Exercise brief
Return the data word for word. Pictures are to be omitted.

Supplied material
◆ ◆ ◆ ◆

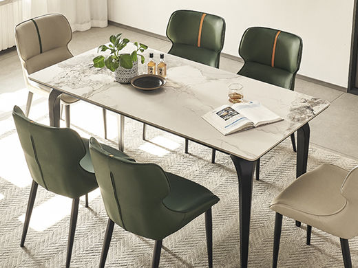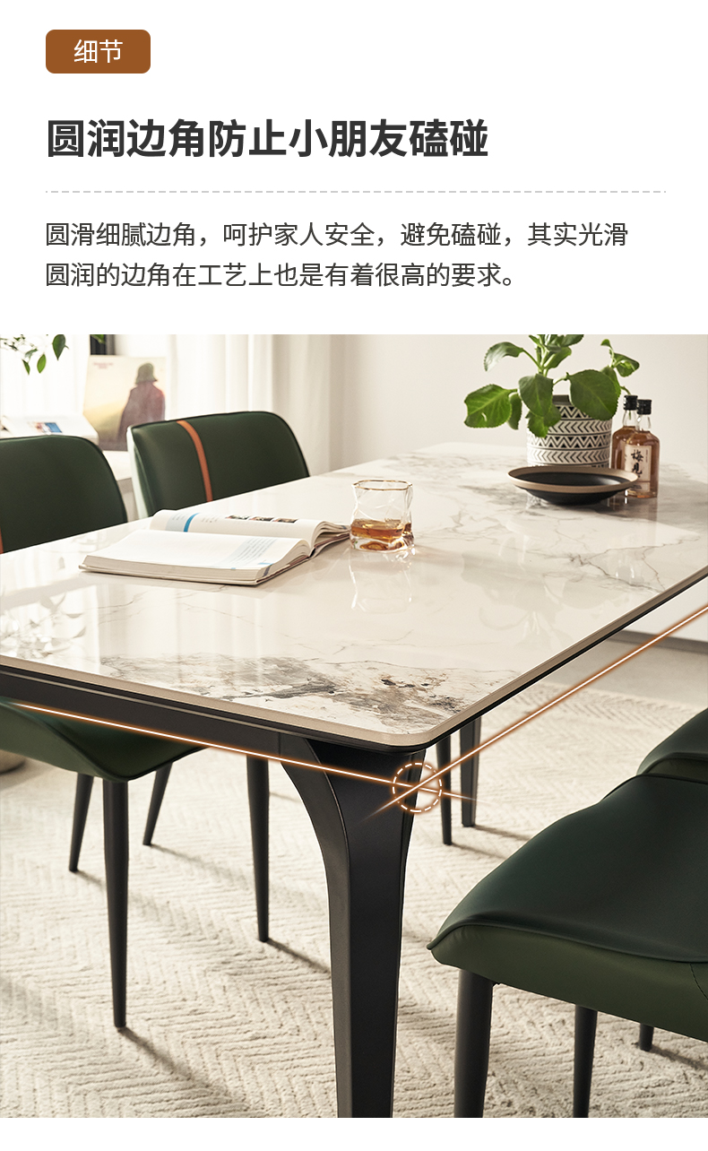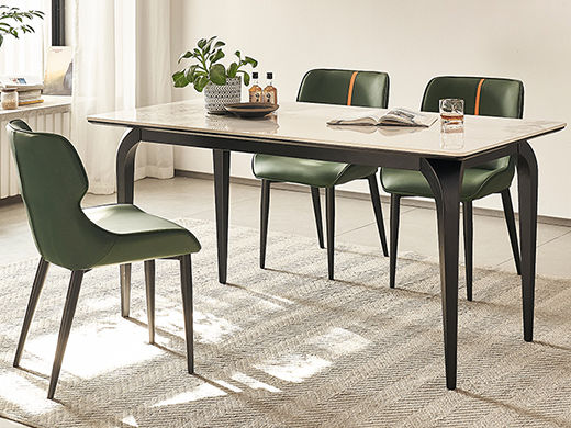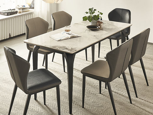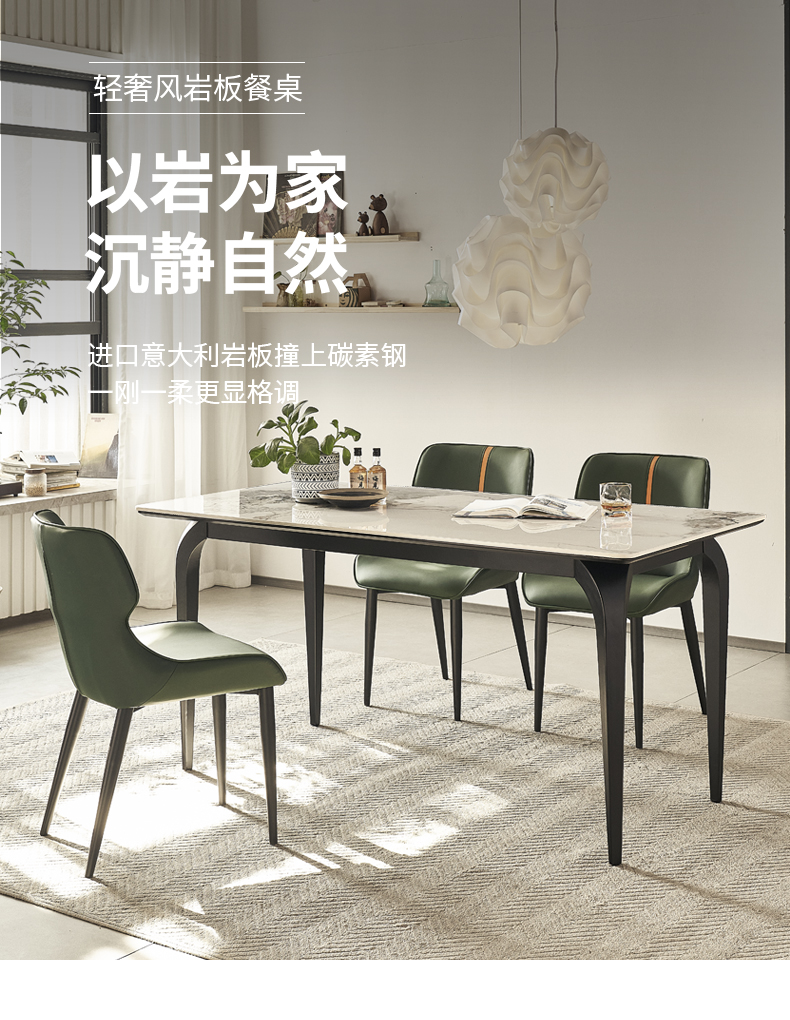 B系优选 现代简约 餐桌:碳素钢+岩板 餐椅:西皮+骨架:五金材质(桌架黑砂色) 1.35米餐桌+4把餐椅(不含底板)¥4008
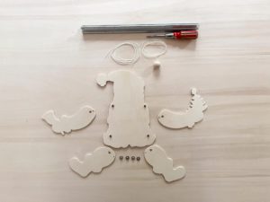 Nachdem alle Einzelteile für den Hampelmann hergestellt wurden, ist es an der Zeit, mit dem Zusammenbau zu beginnen. Die beweglichen Teile müssen miteinander verbunden werden, und dafür werden die Buchschrauben verwendet.
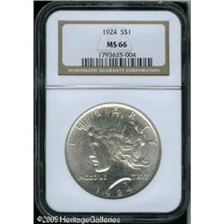 <B>1924<img border='0' src='http://www.heritagecoins.com/images/star.gif' width=10 height=10>$1 MS66 NGC.</B></I> Sharply struck and highly lustrous with brilliant silver surfaces. Without any evidence of toning, save for a couple slight milky spots. Lot:10701
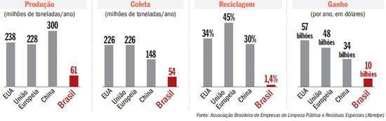 Quanto mais rico o país, mais lixo se joga fora, mais lixo se recolhe, mais lixo se reaproveita e mais dinheiro se ganha com isso. Compare
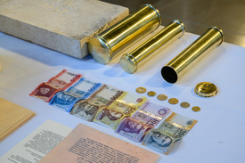 Az egyik korábban elhelyezett hengerben egy tudósítást találtak a főtemplom felszenteléséről, a másikban egy egyházmegyei névtárt és kilenc korabeli pénzérmét.
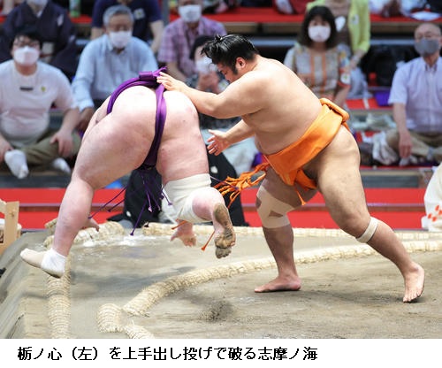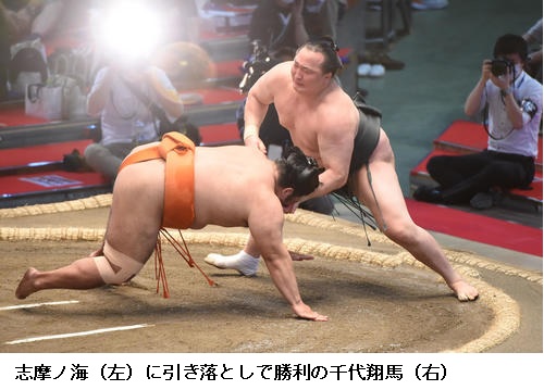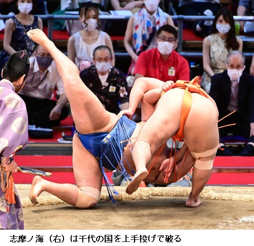 ▽志摩ノ海に千代の国は志摩ノ海が上手投げで勝ち越しました。
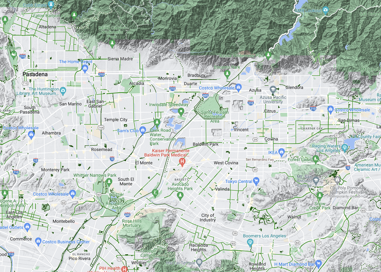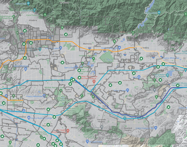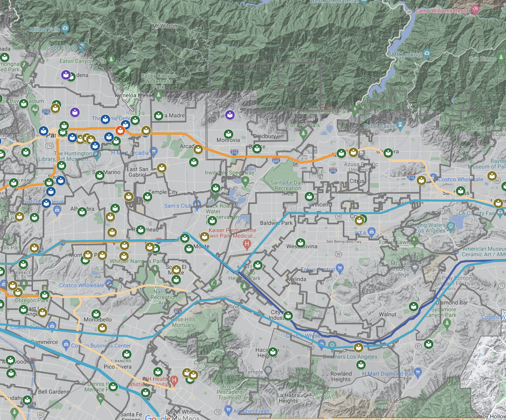 The San Gabriel Valley is home to roughly 1.8 million people — about the same as live in the San Fernando Valley. If either were a single city they would become the fifth most populous in the US (overtaking Phoenix) and the second most populous in California, after Los Angeles. The San Gabriel Valley, though, is home to 26 cities: Alhambra, Arcadia, Azusa, Baldwin Park, Bradbury, Covina, Diamond Bar, Duarte, El Monte, Glendora, Industry, Irwindale, La Puente, Monrovia, Monterey Park, Pasadena, Rosemead, San Dimas, San Gabriel, San Marino, Sierra Madre, South El Monte, South Pasadena, Temple City, Walnut, West Covina. The San Gabriel Valley is also home to 26 unincorporated communities: Altadena, Avocado Heights, Azusa Islands, Bassett, Charter Oak, Citrus, Covina Islands, East Azusa, East Pasadena, East San Gabriel, Glendora Islands, Hacienda Heights, Kinneloa Mesa, Mayflower Village, North El Monte, Ramona, Rowland Heights, San Pasqual, South Monrovia Island, South San Gabriel, South San Jose Hills, Unincorporated Azusa, Unincorporated Glendora, Vincent, West Puente Valley, and Valinda. There are also two large unincorporated areas that can’t really be described as communities — or at least not human ones — South Diamond Bar and Whittier Narrows.
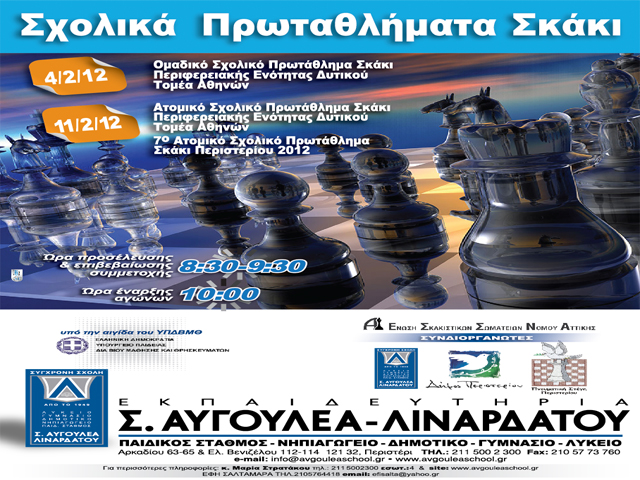 Τα Εκπαιδευτήρια Σ. Αυγουλέα-Λιναρδάτου, η Πνευματική Στέγη Περιστερίου και ο Δήμος Περιστερίου στις 4 Φεβρουαρίου 2012, διοργανώνουν από κοινού το Ομαδικό Σχολικό Πρωτάθλημα σκάκι της Περιφέρειας Δυτικού τομέα Αθηνών και στις 11 Φεβρουαρίου 2012 διοργανώνουν το Ατομικό Σχολικό Πρωτάθλημα σκάκι της Περιφέρειας Δυτικού τομέα Αθηνών και το 7Ο Σχολικό Ατομικό Πρωτάθλημα Σκάκι Περιστερίου 2012. . Παράλληλα στις 11 Φεβρουαρίου 2012, θα πραγματοποιηθεί ενημερωτική εκδήλωση με θέμα «Μαθησιακές δυσκολίες – Δυσλεξία και Σκάκι»,που θα συντονίσει η ειδική παιδαγωγός Μαρία Ευαγγελίου.
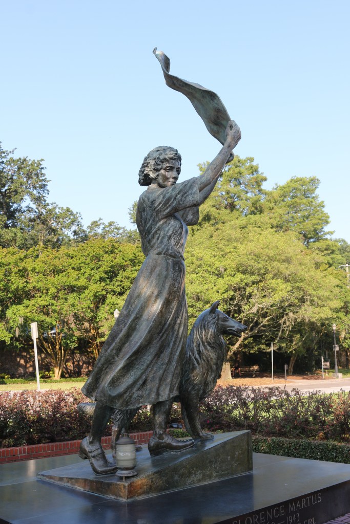 Felix De Weldon, famous for his statue of the raising of the flag on Iwo Jima statue in Washington, D.C., was commissioned to create the bronze statue of Florence Martus. The statue was erected on the east end of River Street in Savannah not in remembrance of her lost love, but her devotion to greeting the passing ships for over four decades.
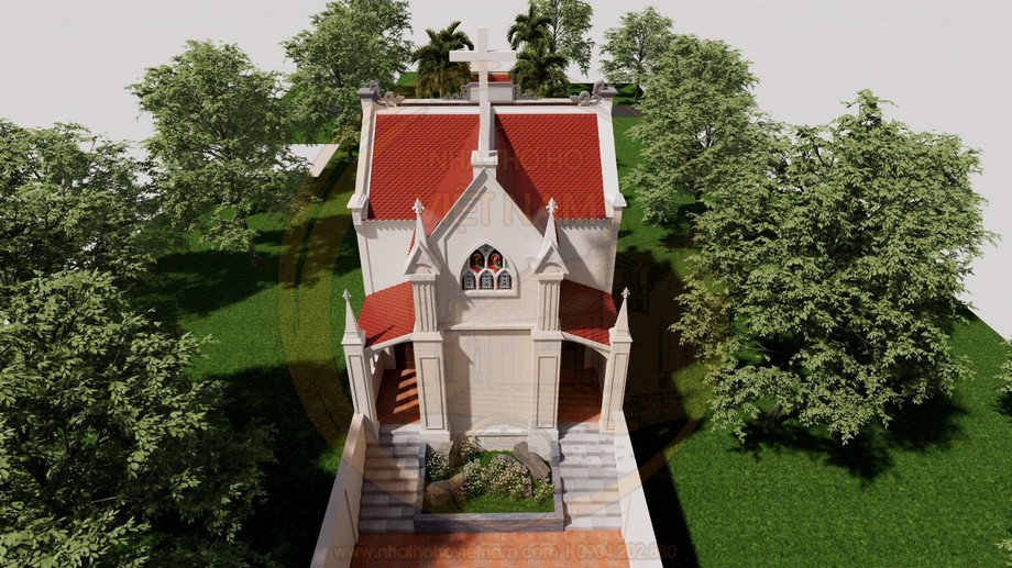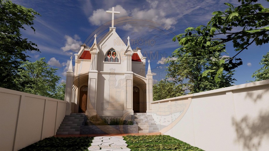 Công trình được thiết kế với mục tiêu tạo nên không gian linh thiêng, trang trọng đồng thời đảm bảo độ bền vững lâu dài.

◆ ◆ ◆ ◆

Finished task
 B系优选 现代简约 餐桌:碳素钢+岩板 餐椅:西皮+骨架:五金材质(桌架黑砂色) 1.35米餐桌+4把餐椅(不含底板)¥4008
 Nachdem alle Einzelteile für den Hampelmann hergestellt wurden, ist es an der Zeit, mit dem Zusammenbau zu beginnen. Die beweglichen Teile müssen miteinander verbunden werden, und dafür werden die Buchschrauben verwendet.
 <B>1924<img border='0' src='http://www.heritagecoins.com/images/star.gif' width=10 height=10>$1 MS66 NGC.</B></I> Sharply struck and highly lustrous with brilliant silver surfaces. Without any evidence of toning, save for a couple slight milky spots. Lot:10701
 Quanto mais rico o país, mais lixo se joga fora, mais lixo se recolhe, mais lixo se reaproveita e mais dinheiro se ganha com isso. Compare
 Az egyik korábban elhelyezett hengerben egy tudósítást találtak a főtemplom felszenteléséről, a másikban egy egyházmegyei névtárt és kilenc korabeli pénzérmét.
 ▽志摩ノ海に千代の国は志摩ノ海が上手投げで勝ち越しました。
 The San Gabriel Valley is home to roughly 1.8 million people — about the same as live in the San Fernando Valley. If either were a single city they would become the fifth most populous in the US (overtaking Phoenix) and the second most populous in California, after Los Angeles. The San Gabriel Valley, though, is home to 26 cities: Alhambra, Arcadia, Azusa, Baldwin Park, Bradbury, Covina, Diamond Bar, Duarte, El Monte, Glendora, Industry, Irwindale, La Puente, Monrovia, Monterey Park, Pasadena, Rosemead, San Dimas, San Gabriel, San Marino, Sierra Madre, South El Monte, South Pasadena, Temple City, Walnut, West Covina. The San Gabriel Valley is also home to 26 unincorporated communities: Altadena, Avocado Heights, Azusa Islands, Bassett, Charter Oak, Citrus, Covina Islands, East Azusa, East Pasadena, East San Gabriel, Glendora Islands, Hacienda Heights, Kinneloa Mesa, Mayflower Village, North El Monte, Ramona, Rowland Heights, San Pasqual, South Monrovia Island, South San Gabriel, South San Jose Hills, Unincorporated Azusa, Unincorporated Glendora, Vincent, West Puente Valley, and Valinda. There are also two large unincorporated areas that can’t really be described as communities — or at least not human ones — South Diamond Bar and Whittier Narrows.
 Τα Εκπαιδευτήρια Σ. Αυγουλέα-Λιναρδάτου, η Πνευματική Στέγη Περιστερίου και ο Δήμος Περιστερίου στις 4 Φεβρουαρίου 2012, διοργανώνουν από κοινού το Ομαδικό Σχολικό Πρωτάθλημα σκάκι της Περιφέρειας Δυτικού τομέα Αθηνών και στις 11 Φεβρουαρίου 2012 διοργανώνουν το Ατομικό Σχολικό Πρωτάθλημα σκάκι της Περιφέρειας Δυτικού τομέα Αθηνών και το 7Ο Σχολικό Ατομικό Πρωτάθλημα Σκάκι Περιστερίου 2012. . Παράλληλα στις 11 Φεβρουαρίου 2012, θα πραγματοποιηθεί ενημερωτική εκδήλωση με θέμα «Μαθησιακές δυσκολίες – Δυσλεξία και Σκάκι»,που θα συντονίσει η ειδική παιδαγωγός Μαρία Ευαγγελίου.
 Felix De Weldon, famous for his statue of the raising of the flag on Iwo Jima statue in Washington, D.C., was commissioned to create the bronze statue of Florence Martus. The statue was erected on the east end of River Street in Savannah not in remembrance of her lost love, but her devotion to greeting the passing ships for over four decades.
 Công trình được thiết kế với mục tiêu tạo nên không gian linh thiêng, trang trọng đồng thời đảm bảo độ bền vững lâu dài.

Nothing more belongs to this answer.